I am reorganizing the link structure of a dynamic php-based site of mine. What I am trying to obtain is:

  • redirect old links onto new ones;
  • create new RewriteRules for new links, since every 'link' to an html page is mapped onto a php page with parameters.

The only .htaccess file is contained in the website root folder. There are no other .htaccess files in subfolders.

Till today I had no problems in reorganizing links by modifying the rules in .htaccess. Since yesterday I have been experiencing a strange problem: it looks like modifications to the .htaccess file are not immediately read by the Apache web-server, that keeps applying the old rules even if they are no longer contained in the .htaccess file. For example, I have a rule that performs the following mapping:

/cat-a/subcat-b/page.html -> /file.php?cat=cat-a&subcat=subcat-b

If I modify that rule as follows:

/cat-a/subcat-b/page.html -> /file.php?XXcatXX=cat-a&subcat=subcat-b

Apache keeps rewriting URLs according to the old (cat=cat...) format for a while. The new format (XXcatXX=...) is used only after a random lapse of time. Random meaning that I could not find any pattern in the way it behaves.

Furthermore, if I delete a rule, Apache keeps using the deleted rule for a while.

The only regularity I have found concerns new rewrite rules: Apache reads them immediately and starts using them. If I delete a rule or modify an existing one, Apache ignores the changes for a while.

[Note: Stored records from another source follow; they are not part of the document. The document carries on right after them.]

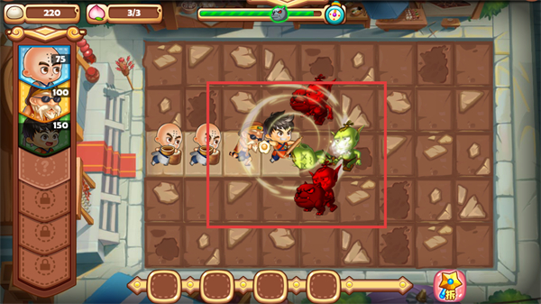 4、使用绿色豆状道具,组合多角色协同攻击,应对大量怪物围攻,确保防御阵线稳固,顺利通关。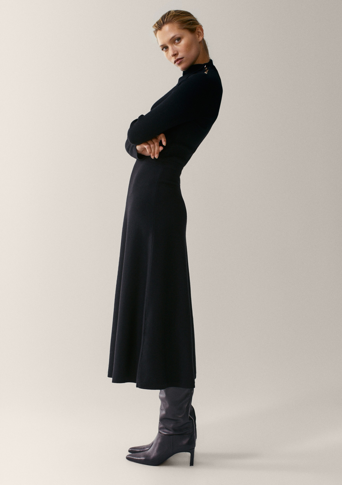Сапоги с острыми носами на небольшом каблуке дополняют юбку асимметричного кроя и объемное пальто из шерсти. Свитер бордового цвета и коричневая сумка разбавляют обилие черного, а украшения из позолоты и керамики добавляют последние штрихи.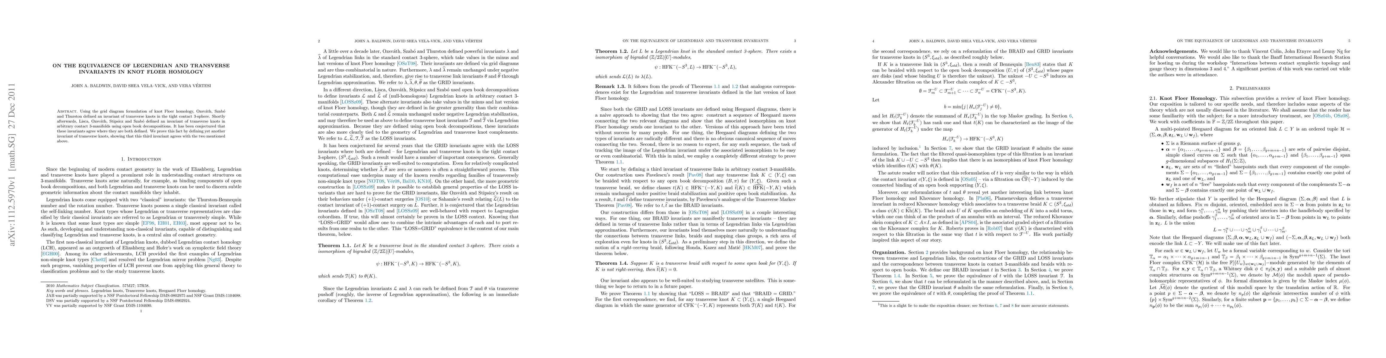 Using the grid diagram formulation of knot Floer homology, Ozsvath, Szabo and Thurston defined an invariant of transverse knots in the tight contact 3-sphere. Shortly afterwards, Lisca, Ozsvath, Stipsicz and Szabo defined an invariant of transverse knots in arbitrary contact 3-manifolds using open book decompositions. It has been conjectured that these invariants agree where they are both defined. We prove this fact by defining yet another invariant of transverse knots, showing that this third invariant agrees with the two mentioned above.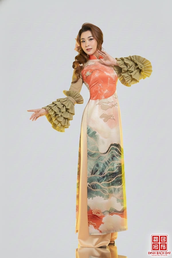 ÁO DÀI LỤA IN NÚI TAY TẦNG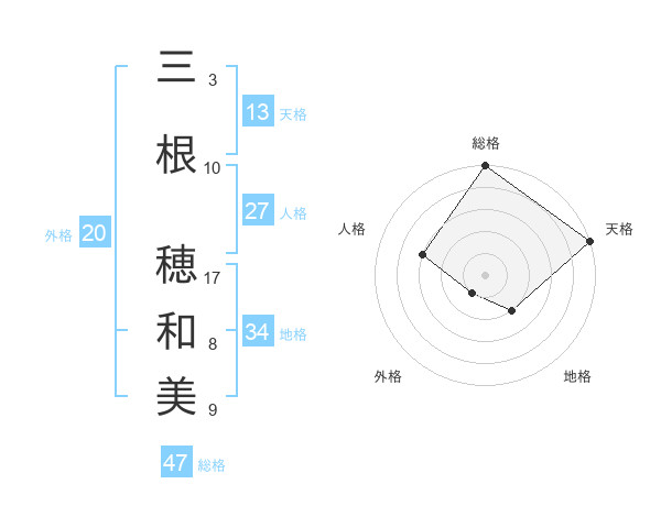 三根 穂和美さんの総格は47画の5点!

I am noticing this problem only on RewriteRule instructions and not on redirections. Since redirections and rewritings are managed by different modules, I assume that I have to modify some settings in the mod_rewrite configuration.

I made some searches but was not able to find any information/documentation on this behaviour. May be there is something that I ignore and I am missing.

Are there some settings I have to worry about? Have you ever experienced a similar problem?

I am using XAMPP on a Mac OS SnowLeopard machine.

Thanks. Regards. A.

1 Answer 1


I am using XAMPP on Windows 7, and was experiencing the same issue. From my experimentation it appears that the caching of redirects is being carried out by the web browser, not Apache.

To demonstrate:

  • Add the following rule to your .htaccess file: RewriteRule ^fail/?$ fail.php [L,R=301]
  • Visit /fail in your web browser. You should be redirected to fail.php
  • Change the reference in your .htaccess file from fail.php to fail2.php
  • Visit /fail in your web browser again.
  • You should be redirected to fail2.php, but you end up at fail.php
  • Now visit /fail in a different web browser on the same machine, you should end up correctly at fail2.php.

The browser that was giving me issues was Firefox 6.0.

It appears that newer web browser will cache HTTP 301 redirects locally - they are defined as a permanent redirect, so should never change. However it's a pain when you are a developer and still working on a site and changing things.

  • +1. Just it's not newer browsers only -- Firefox has it since v3 for sure. That's why I use 302 when testing redirects (unless it is very simple redirect). When I see that it works as intended I'm changing it to 301. The only way around such browser behaviour is to clear caches and restart it after that.
    – LazyOne
    Aug 28, 2011 at 16:30
  • FWIW, the OP appears to be discussing an internal rewrite, not an external 301 redirect. However, browser cache is still the most probable cause. Note that the caching of 301 redirects can be controlled by sending the appropriate Cache-Control (and Expires) HTTP headers in the redirect response.